Another shortcoming of Sacrificed for Honor is that the last chapter and the epilogue almost deliberately bristle with limited insights regarding causal theories and regarding contemporary connections; Kertzer could have taken more space to develop this. The endeavor to explain away or, on the other hand, to demonize cultures with beliefs, policies, and practices uncongenial to the researchers’ own has proved tempting to many earlier scholars, unfortunately to the disadvantage of their work. The book is also attacked in that it fails to allow for the women’s agency. The lives of the women who chose not to relinquish their infants are obscured by those who appeared in the police and hospital records that the author so carefully mined.
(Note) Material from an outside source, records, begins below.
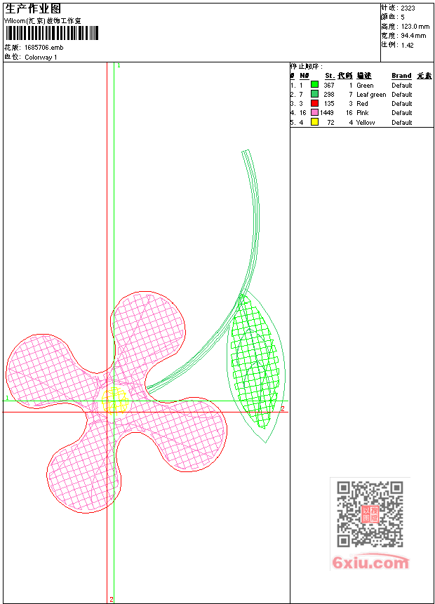 - emb花版参数: 大小:25.00 KB / 尺寸:94*123[毫米] / 针数:2323针 / 线色:5 / 格式:emb / 版本:9
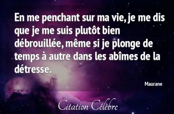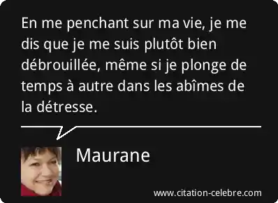 En me penchant sur ma vie, je me dis que je me suis plutôt bien débrouillée, même si je plonge de temps à autre dans les abîmes de la détresse.
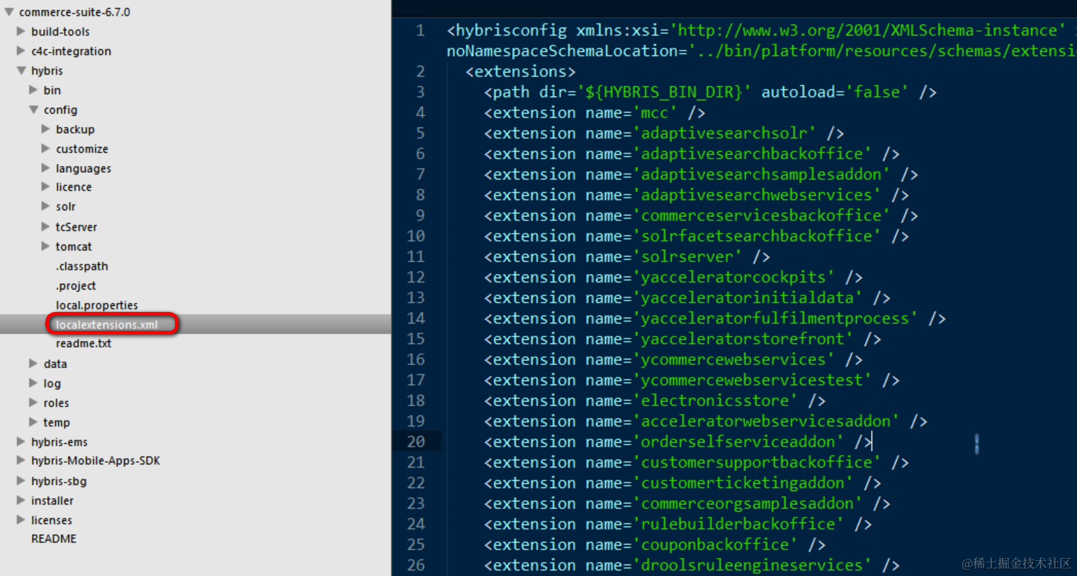 - Modifying the localextensions.xml file located in the <${HYBRIS_CONFIG_DIR}> directory.
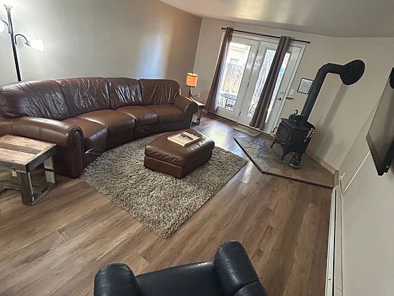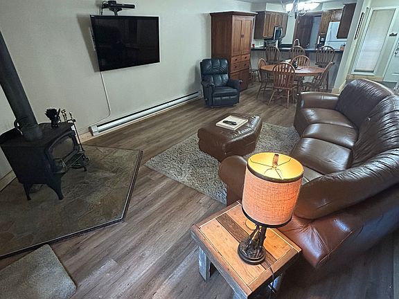 Cozy living room featuring a wood stove for warmth and ambiance during McCall's snowy winters

This review cannot do justice to the riches of information contained in Sacrificed for Honor, and to its perceptive and stimulating treatment of a whole series of very important and complex problems. The book also raises many significant questions more provocatively compared to other previous studies of the same topic. Despite some major flaws, the book is a scholarly, authoritative, and vigorous study suggested for an extensive, interdisciplinary readership. Kertzer’s work is an important addition to the literature on child abandonment and merit to be read and discussed.
Kertzer, D. I. (1994). Sacrificed for Honor: Italian Infant Abandonment and the Politics of Reproductive Control. Boston: Beacon Press.